Please transcribe exactly, and only, the lines of the data below between the line holding "Every stitch, every" and the line holding "VIN: WVGRF7BPXHD006624", inclusive.
***** DATA RECORDS
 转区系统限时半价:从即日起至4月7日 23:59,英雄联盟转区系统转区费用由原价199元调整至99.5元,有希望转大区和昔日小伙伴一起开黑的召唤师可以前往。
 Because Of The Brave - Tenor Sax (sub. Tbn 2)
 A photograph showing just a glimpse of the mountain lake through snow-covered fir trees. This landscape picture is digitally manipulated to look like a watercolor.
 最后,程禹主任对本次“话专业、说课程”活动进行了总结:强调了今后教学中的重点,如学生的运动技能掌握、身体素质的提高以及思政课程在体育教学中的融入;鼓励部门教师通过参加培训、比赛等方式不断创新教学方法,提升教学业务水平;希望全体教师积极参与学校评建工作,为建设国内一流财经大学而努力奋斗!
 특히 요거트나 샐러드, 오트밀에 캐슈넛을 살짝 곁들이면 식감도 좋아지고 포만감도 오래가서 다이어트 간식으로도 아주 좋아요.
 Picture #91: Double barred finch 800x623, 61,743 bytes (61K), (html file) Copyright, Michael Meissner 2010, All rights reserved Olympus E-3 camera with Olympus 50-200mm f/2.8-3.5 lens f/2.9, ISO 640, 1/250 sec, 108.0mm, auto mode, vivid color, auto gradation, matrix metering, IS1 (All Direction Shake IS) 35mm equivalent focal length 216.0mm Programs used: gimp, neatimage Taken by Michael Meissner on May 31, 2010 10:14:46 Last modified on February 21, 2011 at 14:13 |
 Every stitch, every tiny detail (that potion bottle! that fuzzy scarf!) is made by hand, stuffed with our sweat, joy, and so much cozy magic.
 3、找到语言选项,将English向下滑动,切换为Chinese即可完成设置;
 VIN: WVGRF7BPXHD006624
**********
***** DATA RECORDS
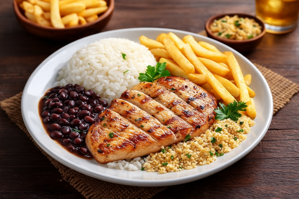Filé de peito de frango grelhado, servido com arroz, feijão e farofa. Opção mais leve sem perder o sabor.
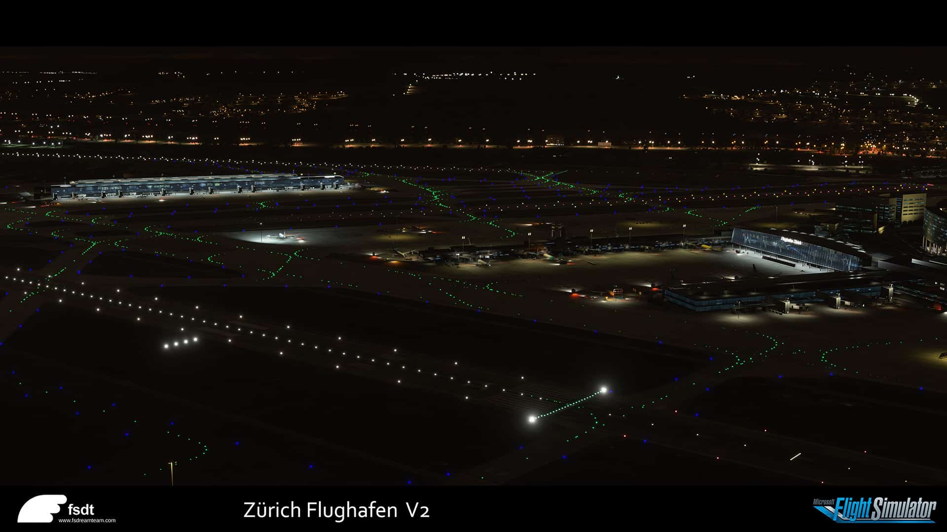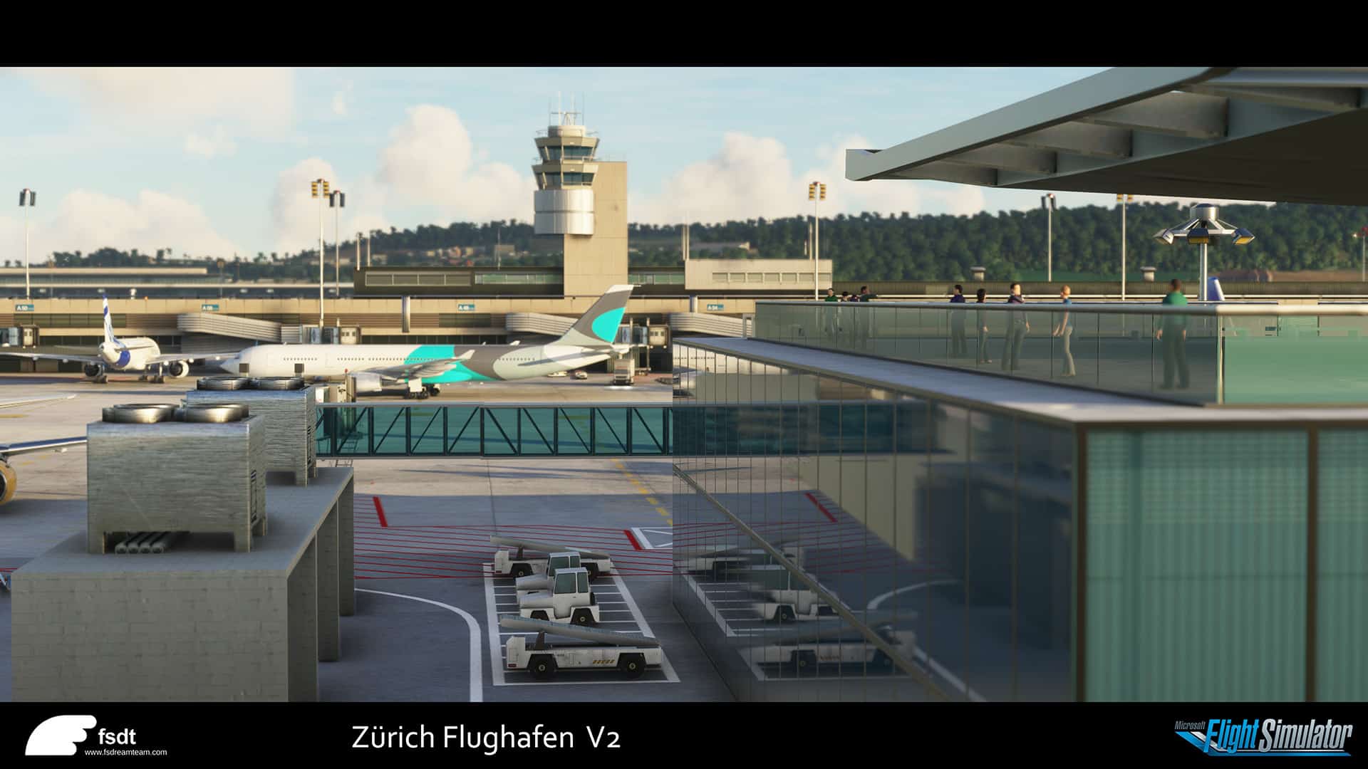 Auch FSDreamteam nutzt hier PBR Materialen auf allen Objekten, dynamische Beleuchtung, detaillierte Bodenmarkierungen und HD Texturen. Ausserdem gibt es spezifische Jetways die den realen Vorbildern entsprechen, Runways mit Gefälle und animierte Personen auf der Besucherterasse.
**********
TASK RESULT:
 Every stitch, every tiny detail (that potion bottle! that fuzzy scarf!) is made by hand, stuffed with our sweat, joy, and so much cozy magic.
 3、找到语言选项,将English向下滑动,切换为Chinese即可完成设置;
 VIN: WVGRF7BPXHD006624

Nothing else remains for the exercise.